Читаем Порог. Повесть о Софье Перовской полностью

Кибальчич стал набрасывать на листке бумаги, что нужно для изготовления бомб и чего не хватает. Оказалось — много чего не хватает. Прежде всего нужно купить бидоны из-под керосина, штуки две хотя бы; эта жесть пойдет на оболочку снарядов; купить бидоны вызвалась Фигнер, дело несложное. Куда серьезнее была нехватка динамита, его ни на какие деньги не купишь в магазине. Можно, конечно, размышлял вслух Кибальчич, изготовить его — не впервой! Но на это прорва времени уйдет. Однако другого выхода ист, придется…

Говоря все это, Кибальчич старательно избегал Сониного взгляда. Неспроста, разумеется. Кто-кто, а уж он-то прекрасно знал, что динамит есть. Притом — изрядный запас динамита, заготовленного впрок. Часть его ушла на снаряжение мины для Малой Садовой, но и того, что осталось, на глаза хватит, чтобы начинить им нужное количество бомб, и если Кибальчич, зная об этом динамите, тем не менее умолчал о нем, как бы исключил его из расчета, тут причина только одна может быть: а именно та, что весь оставшийся динамит находится сейчас в квартире на Первой роте… хуже, чем за семью замками, значит.

Соня отошла к окну, стала рассматривать морозные узоры на стекле. Нужно взвесить все… Она ушла рано утром из своей квартиры, с тем чтобы больше туда не возвращаться. Что руководило ею? Безотчетный импульс? Нет: ясное понимание того, что с арестом Желябова их квартира рано или поздно будет раскрыта. Желябов, конечно, будет молчать, он лучше руку даст отсечь себе, нежели назовет имя Слатвинский, под которым прописан на Первой роте; и все же никакое запирательство не поможет: жандармы соберут у себя всех дворников города, не раз уж бывало так, выставят арестованного напоказ им — можно не сомневаться, кто-нибудь да признает своего жильца! Поэтому она утром и решила больше не возвращаться, только поэтому…

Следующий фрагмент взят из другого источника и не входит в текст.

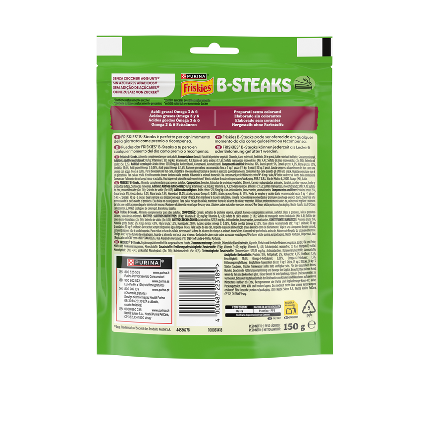 FRISKIES - PERRO SNACKS INDULGENCIA - B-STEAKS Snack 6x150g - 900GR

Что ж, в таком ее решении резон был немалый, и те, утренние ее сомнения тоже отнюдь не беспочвенны. Только крайняя необходимость (да, да, очень важно отдавать себе отчет в этом!) вынуждает ее выискивать сейчас лазейку, брешь в давешних своих рассуждениях. Опасность велика, да. Явишься домой — тебя, вполне возможно, уже ждут… Не так даже сам по себе арест страшил, как то, что выход ее из дела может пагубно отозваться на завтрашнем дне, в котором, что ни говори, ей суждено сыграть совсем не последнюю роль… Ах, полно, остановила она себя. Не Надо преувеличивать. Взрыв на Малой Садовой произойдет уже независимо от того, что будет со мною. Моя роль — руководить метальщиками, но для этого прежде всего нужны снаряды: иначе и метальщики ни к чему, не^ так ли? А коли так, значит, риск обоснован… нет, нет, я не собираюсь ничего умалять: огромный риск, смертельный — все так… но он необходим, этот риск, делу необходим! Да к тому же и сомнительно, чтобы жандармы успели так быстро развернуться с дворниками… может, и обойдется.

Она подошла к столу, сказала:

— Господа, кто поедет со мною на Первую роту?

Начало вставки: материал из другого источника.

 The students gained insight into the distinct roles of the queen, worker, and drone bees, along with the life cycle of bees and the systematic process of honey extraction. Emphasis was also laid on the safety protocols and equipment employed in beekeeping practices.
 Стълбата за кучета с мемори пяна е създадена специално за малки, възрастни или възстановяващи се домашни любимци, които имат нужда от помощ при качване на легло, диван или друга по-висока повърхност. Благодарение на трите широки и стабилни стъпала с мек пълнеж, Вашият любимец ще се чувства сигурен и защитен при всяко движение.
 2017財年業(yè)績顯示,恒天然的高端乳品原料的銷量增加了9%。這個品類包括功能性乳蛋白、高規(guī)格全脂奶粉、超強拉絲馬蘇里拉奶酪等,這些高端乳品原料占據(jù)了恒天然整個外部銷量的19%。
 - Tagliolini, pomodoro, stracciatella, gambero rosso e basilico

Кибальчич резко повернул к ней голову:

— Это еще зачем?

— Самой мне не унести весь динамит, — сказала она, намеренно переводя разговор на другое. — Там его довольно много.

— Но ведь это…

— Я знаю, Николай, — кротко сказала она. — Я все обдумала. Сегодня еще можно.

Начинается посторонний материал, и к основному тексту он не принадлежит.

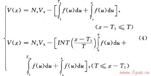 式中V(x)為任意時(shí)刻LNG接收站庫(kù)存水平,m3;Nx為L(zhǎng)NG運(yùn)輸船量,m3;T1為第一次運(yùn)輸船卸船開(kāi)始時(shí)刻;Ts為所求時(shí)刻所屬“季節(jié)”期起始時(shí)刻;T1z為第一次運(yùn)輸船卸船開(kāi)始時(shí)刻所屬季節(jié)期的終止時(shí)刻。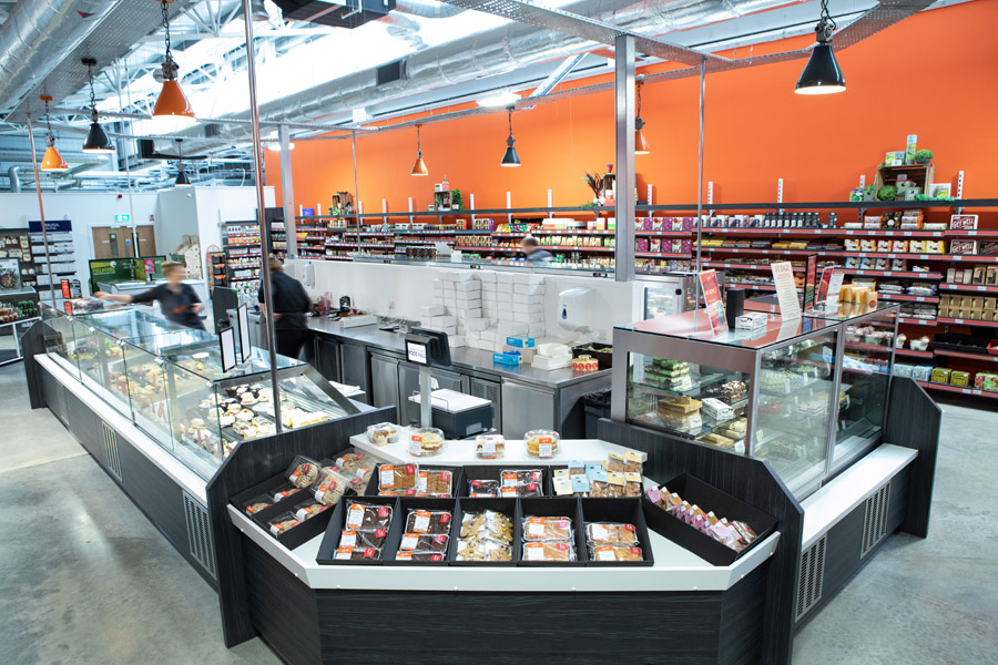 Through to more typical merchandising counters with open shelving, and serve-overs and self-serves display chilled zones.

— Сегодня или завтра — не вижу особой разницы!

— Просто огромная разница, как ты не понимаешь! Завтра никак нельзя будет. Ты ведь знаешь: если кто-нибудь не ночует дома, дворники сразу же доносят об этом в полицию. А я сегодня вовсе не собираюсь там ночевать…

— Поедем, Соня, — сказал Суханов.

— В мундире, в шинели? удивилась Фигнер.

— Именно! — сказал Суханов и усмехнулся — Вероятно, это единственный в России наряд, к которому дворники еще относятся с почтением.

Кибальчич, слава богу, не противился больше.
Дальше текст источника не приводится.